■ Required work
Retype the lines below exactly, but only those from the line that has "Талдыкорганцы приносили цветы" through the line that has "VASO DECORATIVO (13". Omit every picture.
BEGIN Recorded data
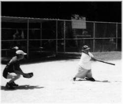 The umpires and scorekeepers voted the Most Valuable Player trophy to Brad and Drew McDonough. A fitting honor for these grandsons of Beaver Islands Joe Dimaggio, Joltin Joe Bud McDonough. But perhaps the most interesting aspect of the tournament was the TDS lead-off batter in their second game: Island slugger Harry Wanty, an obvious ringer. Just as Bill Veeck had done with his St. Louis Browns 51 years earlier, Rich Gillespie wanted an advantage. Veecks Eddie Gaedel walked on 4 pitches, and Harry took a pass too. His pinch-runner scored the first run, but the pitcher wasnt able to hold the lead. Gaedel only had one at-bat in the Bigs. Lets hope Harry can be induced to stand in again next year!
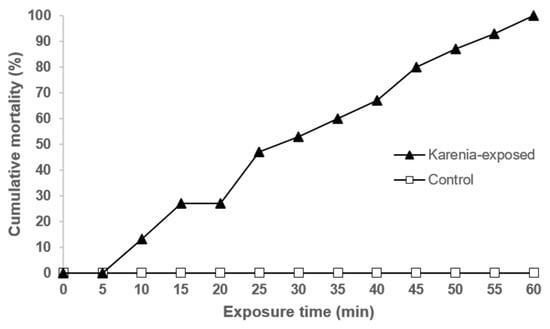 During ichthyotoxicity experiments, critical parameters, including temperature, salinity, pH, ammonia level and dissolved oxygen (DO), were closely monitored throughout the whole period of exposure. All of the above parameters were maintained within acceptable ranges with almost no variation (mean values: temperature = 25.3 °C, salinity = 29.8 g L−1, pH = 8.52, ammonia level = 0.02 mg L−1, and DO = 7.82 mg L−1). Several acute symptoms, including loss of balance, gasping, and blackened body, were observed progressively in some Karenia-exposed medaka within 10 min. Initially, the fish became stressed and moved uneasily, followed by rapid, tilted, and erratic swimming and uncontrolled defecation. Later, they seemed to strive for air by various actions, including swimming vertically towards the surface of water and staying around the air stones connected to the aeration pump. Subsequently, they lost balance, sank to the bottom of the tank in an exhausted manner and lay there. With respect to the physical appearance of the fish, their backbone was blackened and tiny black spots developed on their bodies. Prior to death, the fish became fatigued and moribund and struggled to swim, while their heads turned black in color and their bodies continued twitching. Eventually, the fish’s opercular movement stopped, and they died. The development of toxic symptoms is summarized according to the stage of intoxication and severity (Table S1 in Supplementary Materials). After exposure to K. mikimotoi, the mortality of the medaka reached 100% within 60 min. The response at the selected algal concentration was very acute, and the first death was observed at around 10 min. We recorded the cumulative mortality across the time-course of exposure and determined the lethal times at 25%, 50%, and 90% mortality from the time–mortality curve plotted (Figure 1). Among the untreated medaka, neither fish mortality nor abnormal symptoms were observed throughout the exposure experiments.
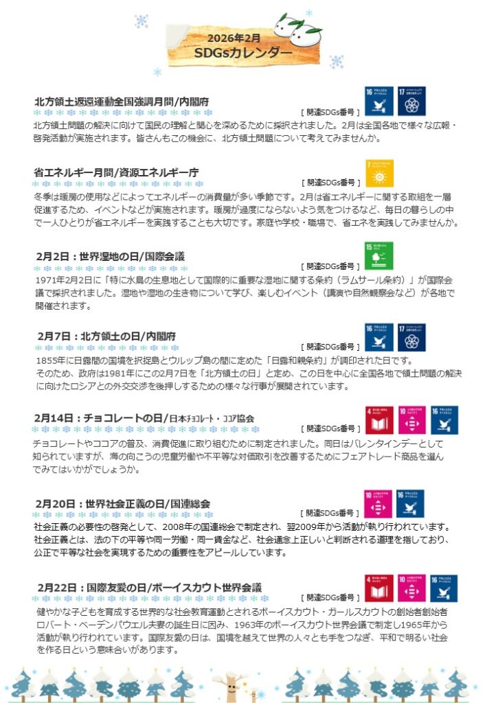 ~ 2026年2月 SDGsカレンダーを更新しました ~
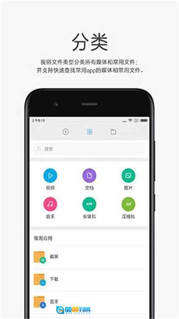 1、按类别轻松浏览文件:文档和数据,图像,视频,音乐,应用程序,和收藏夹。
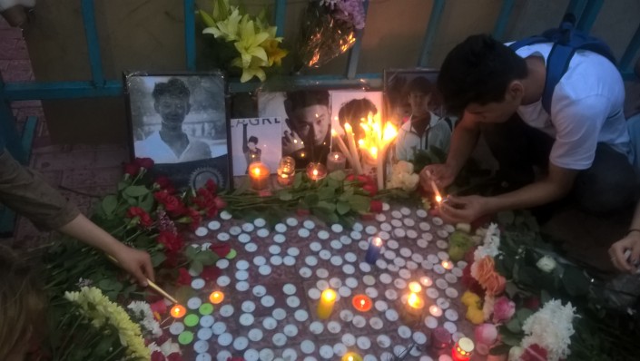 Талдыкорганцы приносили цветы и свечи к мемориалу Денису Тену у дворца спорта "Жастар".
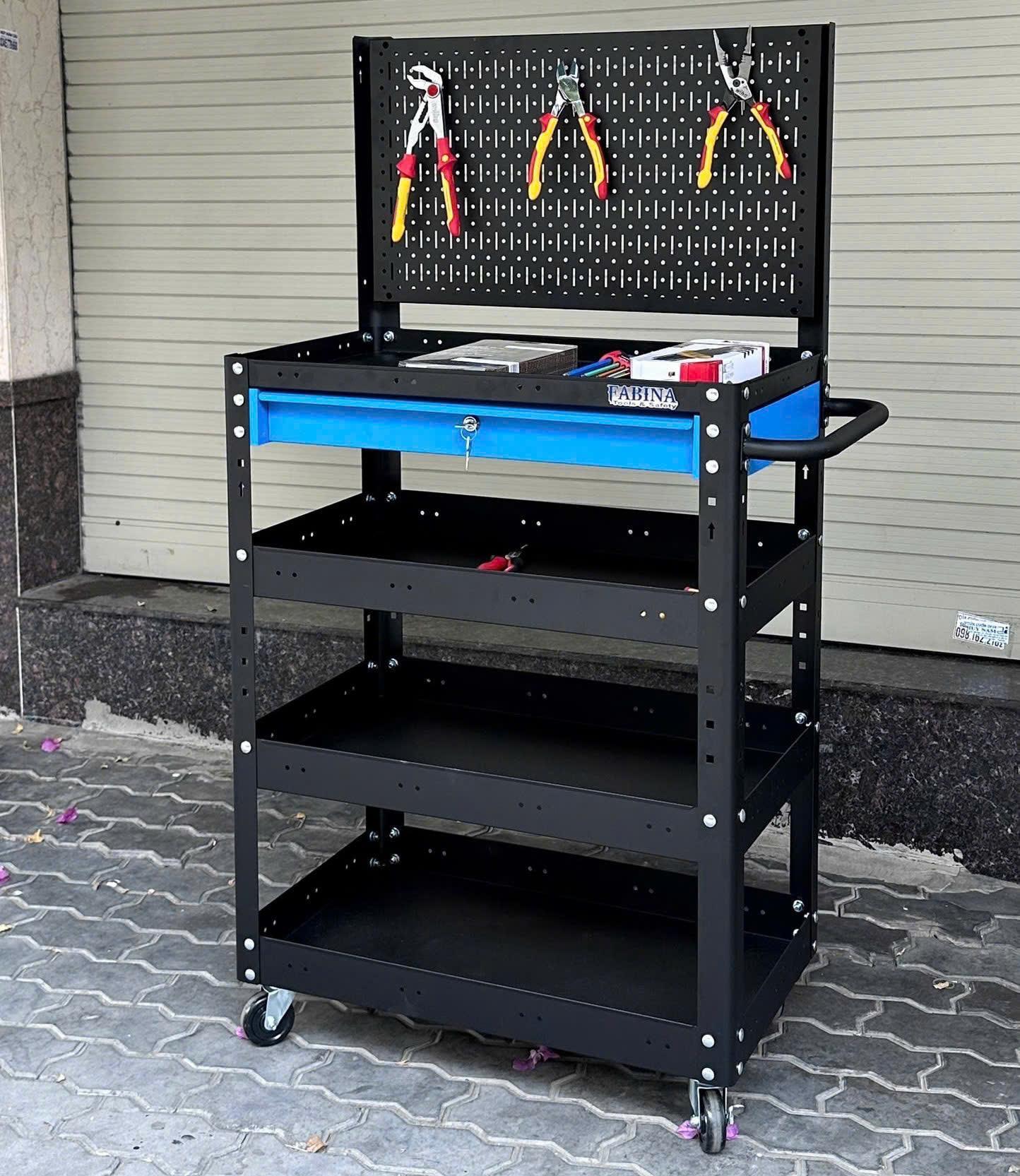 Xe đẩy 4 tầng cao 980mm màu đen hộc kéo xanh dương kèm vách lưới
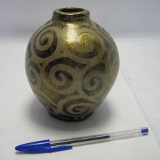 VASO DECORATIVO (13 CM), CONFECCIONADO EM CERÂMICA, PINTADO EXTERNAMENTE EM TONS DE BEGE E DOURADO E DESENHOS COM MOTIVOS TRIBAIS. ACONDICIONADO EM CAIXA DE MATERIAL RECICLADO (20,5X14X14 CM), COM UMA FLOR ARTESANAL NA COR ROSA NA TAMPA.
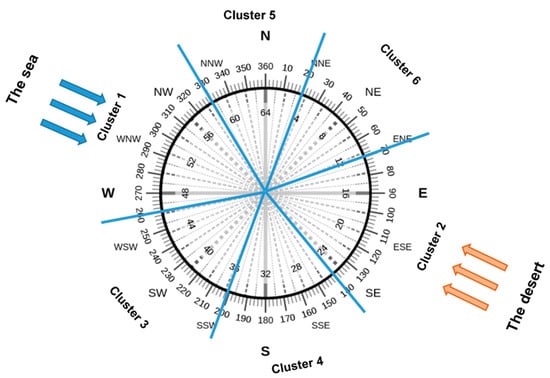 Clustering techniques were used to investigate the level of correlation between the microclimate parameters, i.e., air temperature and wind speed, monitored in the urban and suburban locations, and the canopy UHI intensity under the different ranges of wind directions. The cluster analysis was performed in the MS Excel tool only for the urban and suburban locations because those are the areas where the urbanization may produce an impact on the UHI intensity, while the rural area was considered as the reference location for the calculation of the UHI intensity. The data collected by each meteorological station for the entire period of interest (i.e., 5 years) were divided into six clusters based on the directions of the wind (i.e., either from the seaside or from the desert side, or from the coastal side which is in between, and divided according to four wind direction ranges). The characteristics of the six clusters are summarized in Table 2 and Figure 2.
END Recorded data
■ Output of the task
 Талдыкорганцы приносили цветы и свечи к мемориалу Денису Тену у дворца спорта "Жастар".
 Xe đẩy 4 tầng cao 980mm màu đen hộc kéo xanh dương kèm vách lưới
 VASO DECORATIVO (13 CM), CONFECCIONADO EM CERÂMICA, PINTADO EXTERNAMENTE EM TONS DE BEGE E DOURADO E DESENHOS COM MOTIVOS TRIBAIS. ACONDICIONADO EM CAIXA DE MATERIAL RECICLADO (20,5X14X14 CM), COM UMA FLOR ARTESANAL NA COR ROSA NA TAMPA.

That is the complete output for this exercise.